## -----------------------------WHY "?"----------------------------
# 1. Matching the Shortest Possible String:

When you want to match the shortest possible string between two specific patterns, you can use *?. For example:
pattern = r'<.*?>': This pattern matches HTML tags but does so in a non-greedy way, ensuring that it matches the shortest possible tag.

In [5]:
import re
html_text = "<div>This is <b>bold</b> and <i>italic</i></div>"
pattern = r'<.*?>'
matches = re.findall(pattern, html_text)
print(matches)


['<div>', '<b>', '</b>', '<i>', '</i>', '</div>']


In [4]:
# Without ? ( take all things from the first < to the last > )
import re
html_text = "<div>This is <b>bold</b> and <i>italic</i></div>"
pattern = r'<.*>'
matches = re.findall(pattern, html_text)
print(matches)

['<div>This is <b>bold</b> and <i>italic</i></div>']
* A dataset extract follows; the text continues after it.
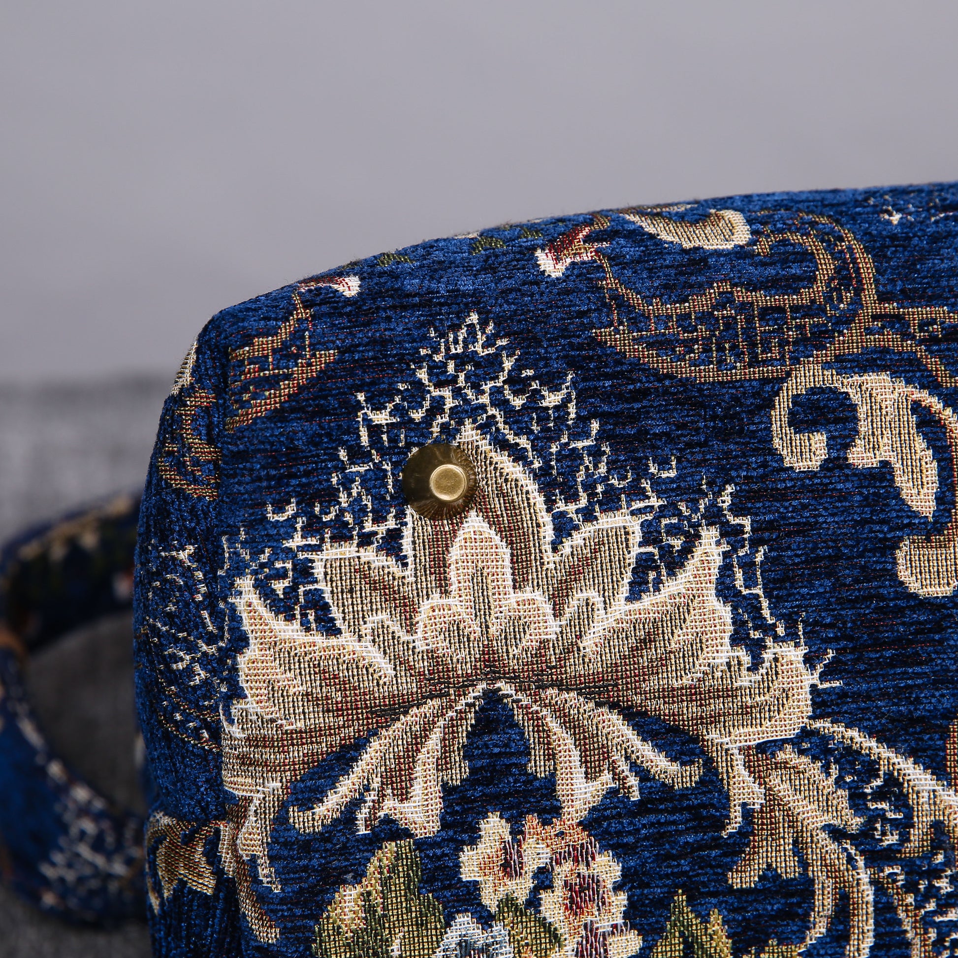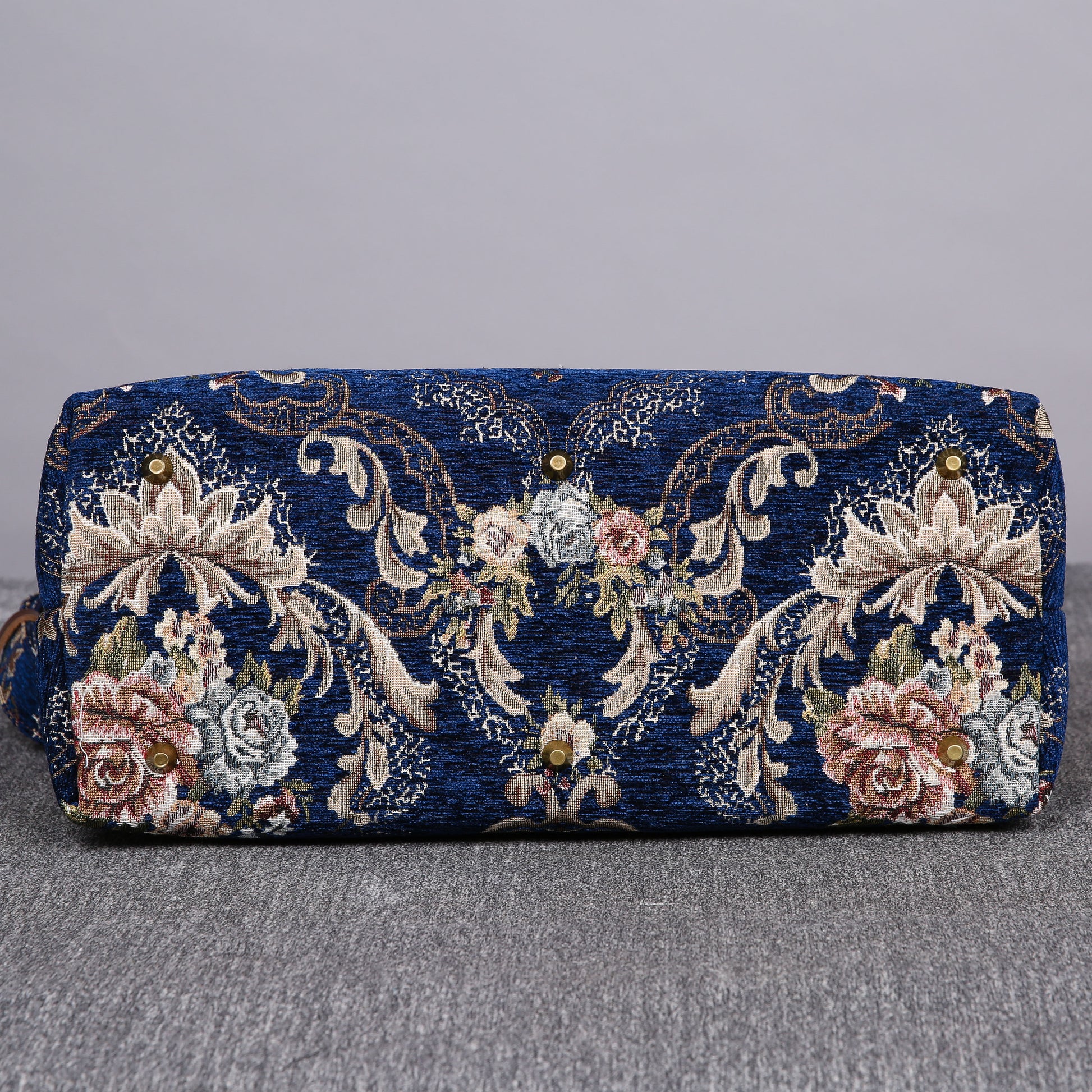 This is an elegant and classic bag of premium quality, the main body is made of thick chenille carpet, it can stand still on its own; The handles and belt are genuine leather, heavy cotton canvas lining, decorated with copper Victorian button on front panel, 6 bronze stands at bottom, every bag comes with a detachable and adjustable shoulder strap 55”in length, made from the same chenille as the bag, and fixed with high quality bronze hookers on the two ends.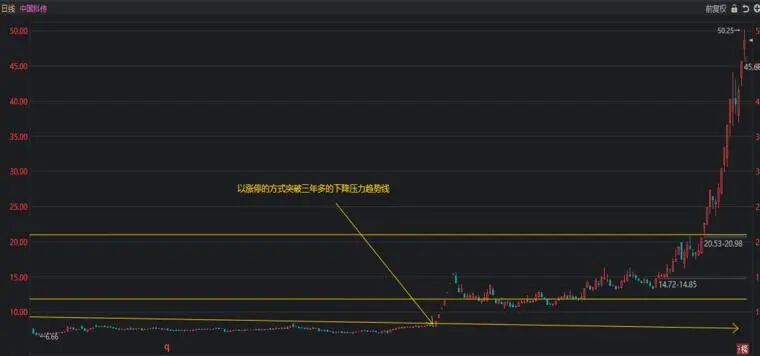 见上图,2022.11.22日,中国科传以涨停的方式突破了压制股价三年多的下降压力趋势线,后边连续涨停确认突破有效。

# 2- Avoiding Over-Matching: 
If you have a pattern that could potentially match more than you intend, you can use *? to avoid over-matching. For example: pattern = r'a.*?b': This pattern matches anything starting with 'a' and ending with 'b', but it will match the shortest string possible. Without *?, it would match the longest string starting with 'a' and ending with 'b'.

In [1]:
import re
text = "aabababb"
pattern = r'a.*?b'
matches = re.findall(pattern, text)
print(matches)

['aab', 'ab', 'ab']


In [2]:
import re
text = "aabababb"
pattern = r'a.*b'
matches = re.findall(pattern, text)
print(matches)

['aabababb']


# 3- Matching Optional Patterns:
 When you have an optional pattern that may or may not be present, and you want to match it if it exists, you can use *?. For example:pattern = r'a.*?b': This pattern matches 'a' followed by any characters (zero or more), then 'b'. The *? ensures that if 'b' is not present, it still matches the 'a' part.

In [3]:
import re
text = "This is a sample text with optional pattern"
pattern = r'sample.*?pattern'
matches = re.findall(pattern, text)
print(matches)


['sample text with optional pattern']


# 4- Capturing the Smallest Group: 

When capturing groups in regular expressions, *? can be used to capture the smallest possible group. For example:pattern = r'(.*?)(\d+)': This pattern captures the smallest group of characters followed by digits. Without *?, it would capture the longest group of characters possible followed by digits.

In [4]:
import re
text = "abc123def456ghi789"
pattern = r'(.*?)(\d+)'
matches = re.findall(pattern, text)
print(matches)


[('abc', '123'), ('def', '456'), ('ghi', '789')]